🤖 AI Summary
Existing compiler auto-tuning research lacks standardized black-box optimization benchmarks, hindering systematic evaluation of Bayesian optimization and related methods on structured search spaces—particularly those involving discrete, conditional, and permutation parameters, as well as multi-fidelity or multi-objective objectives.
Method: We introduce the first unified, containerized, and reproducible multidimensional benchmark suite specifically designed for compiler tuning, covering state-of-the-art compilers including TACO and RISE/ELEVATE. Our framework systematically models their parameter structural complexity and integrates native support for constraint handling, multi-objective optimization, and multi-fidelity evaluation.

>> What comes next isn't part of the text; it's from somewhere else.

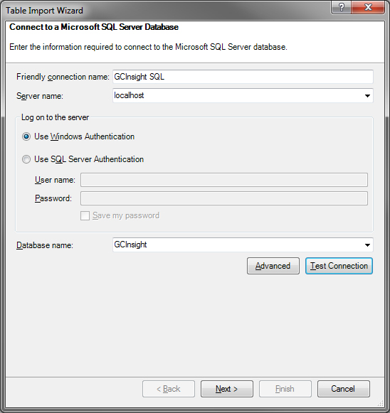 Within the wizard, choose a friendly name, the name of your SQL server, the authentication method, and the database name. Once complete, press the Test Connection button and hopefully it’ll succeed.

Contribution/Results: The benchmark enables fair, apples-to-apples comparison of SOTA optimization algorithms on real-world compiler tasks. Empirical evaluation reveals fundamental performance boundaries of existing methods in structured spaces, significantly improving method comparability and experimental reproducibility in compiler auto-tuning research.
📝 Abstract
Bayesian optimization is a powerful method for automating tuning of compilers. The complex landscape of autotuning provides a myriad of rarely considered structural challenges for black-box optimizers, and the lack of standardized benchmarks has limited the study of Bayesian optimization within the domain. To address this, we present CATBench, a comprehensive benchmarking suite that captures the complexities of compiler autotuning, ranging from discrete, conditional, and permutation parameter types to known and unknown binary constraints, as well as both multi-fidelity and multi-objective evaluations. The benchmarks in CATBench span a range of machine learning-oriented computations, from tensor algebra to image processing and clustering, and uses state-of-the-art compilers, such as TACO and RISE/ELEVATE. CATBench offers a unified interface for evaluating Bayesian optimization algorithms, promoting reproducibility and innovation through an easy-to-use, fully containerized setup of both surrogate and real-world compiler optimization tasks. We validate CATBench on several state-of-the-art algorithms, revealing their strengths and weaknesses and demonstrating the suite's potential for advancing both Bayesian optimization and compiler autotuning research.